The dollar strengthened to a two-week high against the euro before a U.S. report that analysts said will show economic growth accelerated, backing the case for the Federal Reserve to reduce stimulus.
The U.S. currency advanced for a second day versus the yen as benchmark Treasury yields climbed toward the highest level in two years. The euro weakened against most of its major counterparts after German unemployment unexpectedly increased in August. India’s rupee surged the most since 2009 after the central bank said it will sell dollars to the nation’s biggest oil importers to cool demand for foreign exchange.
“The argument for Fed tapering is still in place for September,” said Marcus Hettinger, a strategist at Credit Suisse Group AG in Zurich. “The last couple of days have been dominated more by geopolitical concerns and the economic story has gone a bit in the background. If this reverts a little bit, that provides the dollar with interest-rate support.”
The dollar rose 0.6 percent to $1.3267 per euro as of 10:52 a.m. London time after appreciating to $1.3254, the strongest level since Aug. 15. The U.S. currency gained 0.5 percent to 98.14 yen after advancing 0.6 percent yesterday. The yen was little changed at 130.19 per euro.
Treasury 10-year yields rose two basis points, or 0.02 percentage point, today to 2.78 percent after reaching 2.93 percent on Aug. 22, the highest since July 2011. They dropped on the first two days of this week as political tensions in Syria spurred demand for safer assets.
“The fact that U.S. yields are squeezing up again is reasonably significant and we are coming back to the assumption that the data is a little more relevant,” said Jeremy Stretch, head of currency strategy at Canadian Imperial Bank of Commerce in London. “That’s providing some impetus for the dollar.”
The dollar has advanced 5.4 percent this year, the second-best performer after the euro of 10 developed-nation currencies tracked by Bloomberg Correlation-Weighted Indexes. The common currency 6.1 percent, while the yen tumbled 8 percent.
U.S. gross domestic product rose at a 2.2 percent annual rate last quarter, compared with the initial reading of 1.7 percent released on July 31 and 1.1 percent in the previous three months, according to a Bloomberg survey before the Commerce Department report. Economists predict separate data today will show initial jobless claims fell last week.
Fed policy makers are debating whether the economy is strong enough to enable them to reduce monthly purchases of $85 billion in Treasuries and mortgage debt. Officials will cut the amount at their next meeting on Sept. 17-18, according to 65 percent of economists in an Aug. 9-13 Bloomberg survey.
U.K. Prime Minister David Cameron backed down from asking lawmakers for immediate support today for a strike against Syria as the Labour opposition demanded a delay until United Nations inspectors report on the alleged use of chemical weapons.
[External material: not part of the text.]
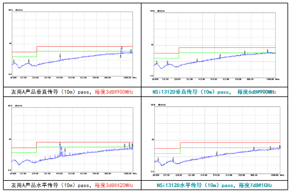如图所见:NSI1312x EMI 的性能无论在垂直传导还是水平传导都显著呈现其核心优势。
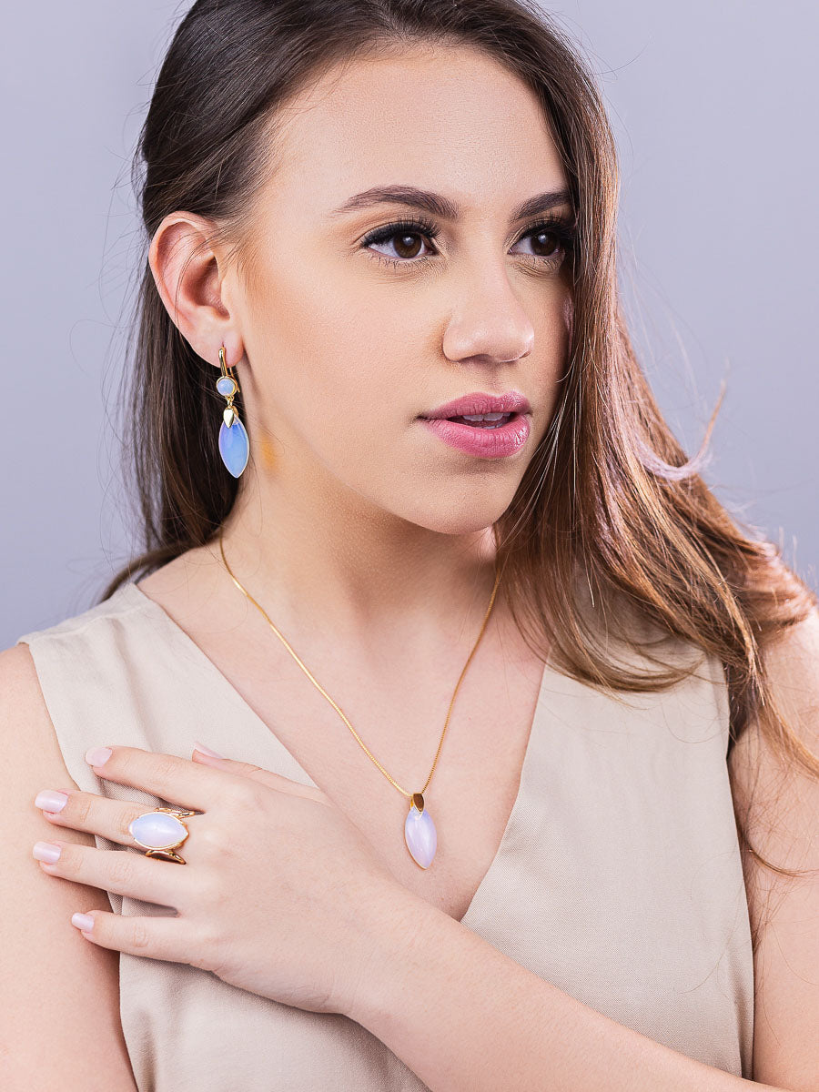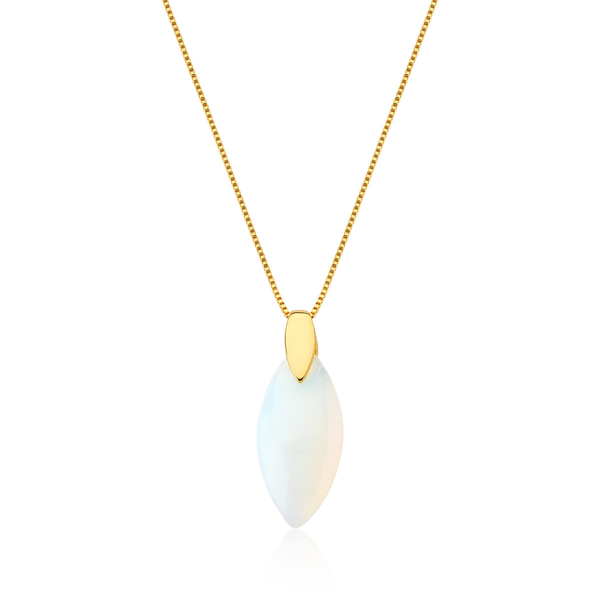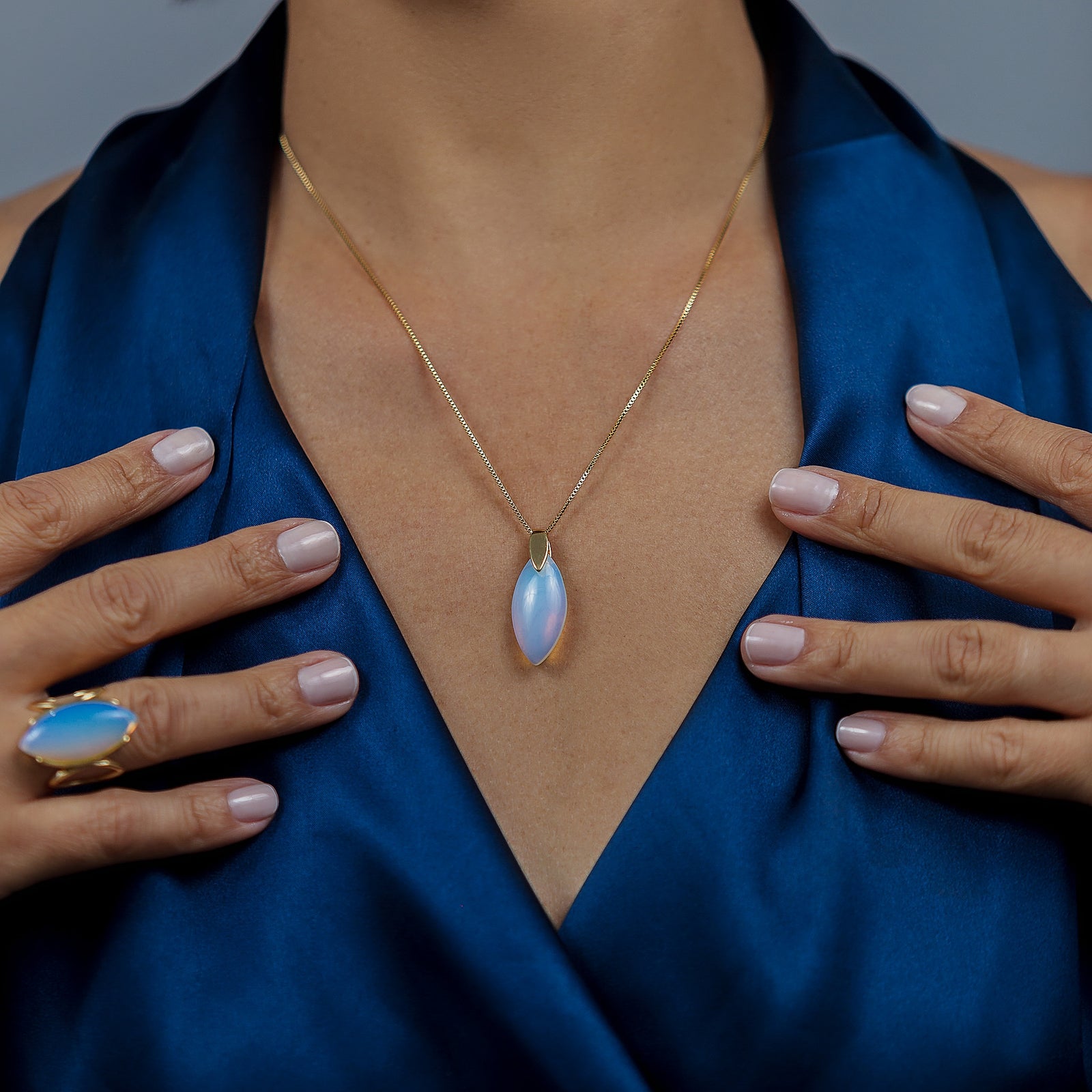 Marquise Shape Pendant Necklace in Opaline Natural Gemstone | Gold Plated

“Threat of military action in Syria led to a classic risk-off move,” ABN Amro Group NV strategists Georgette Boele and Peter de Bruin in Amsterdam wrote in a note to clients today. “But it already seems to be losing steam, and is likely to prove short lived.”
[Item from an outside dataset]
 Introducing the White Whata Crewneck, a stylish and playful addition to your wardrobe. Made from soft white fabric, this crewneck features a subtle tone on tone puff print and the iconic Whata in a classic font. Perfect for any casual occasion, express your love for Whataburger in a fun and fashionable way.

The euro dropped versus all except three of its 16 major counterparts after the Nuremberg-based Federal Labor Agency said the number of Germans out of work increased by a seasonally adjusted 7,000 to 2.95 million.
Economists predicted a decline by 5,000, according to the median of 25 estimates in a Bloomberg News survey.
The rupee halted a three-day slide after the Reserve Bank of India said it will provide foreign currency to state-run Indian Oil Corp., Bharat Petroleum Corp. and Hindustan Petroleum Corp., which the central bank will later repurchase.
The currency slumped the most in 20 years yesterday on concern a surge in oil prices amid political tension over Syria would worsen India’s current account and push the economy toward its biggest crisis since 1991.
The rupee strengthened 2.1 percent to 67.425 per dollar, the biggest advance since May 18, 2009. The currency has still tumbled 17 percent in the past three months and depreciated to a record 68.845 yesterday
South Korean won climbed to a three-week high against the dollar after Finance Minister Hyun Oh Seok said a widening current-account surplus would buoy the currency.
The currency jumped 0.5 percent to close at 1,109.80 per dollar in Seoul after appreciating to 1,108.66, the strongest since Aug. 9.